» TASK ITEM:
Please return only the lines from the one holding "Figure 4.28. The" through the one holding "Comprar Accesorios de", exactly as they appear in the records below, both ends included.

» THE RECORDS:
BEGIN
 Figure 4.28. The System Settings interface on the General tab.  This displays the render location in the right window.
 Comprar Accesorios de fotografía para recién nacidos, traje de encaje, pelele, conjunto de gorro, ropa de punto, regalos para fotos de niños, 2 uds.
END
BEGIN
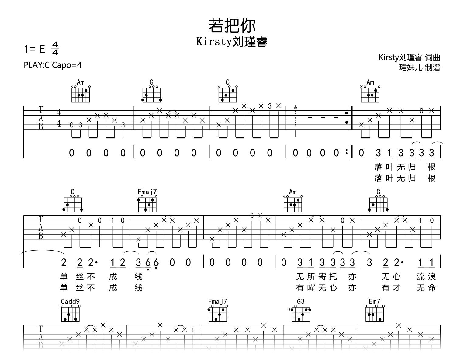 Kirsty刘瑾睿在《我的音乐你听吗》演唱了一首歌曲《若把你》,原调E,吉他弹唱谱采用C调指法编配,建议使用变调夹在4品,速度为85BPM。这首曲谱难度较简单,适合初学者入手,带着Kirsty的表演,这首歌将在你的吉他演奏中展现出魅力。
END
» SOLUTION TO THE EXERCISE:
 Figure 4.28. The System Settings interface on the General tab.  This displays the render location in the right window.
 Comprar Accesorios de fotografía para recién nacidos, traje de encaje, pelele, conjunto de gorro, ropa de punto, regalos para fotos de niños, 2 uds.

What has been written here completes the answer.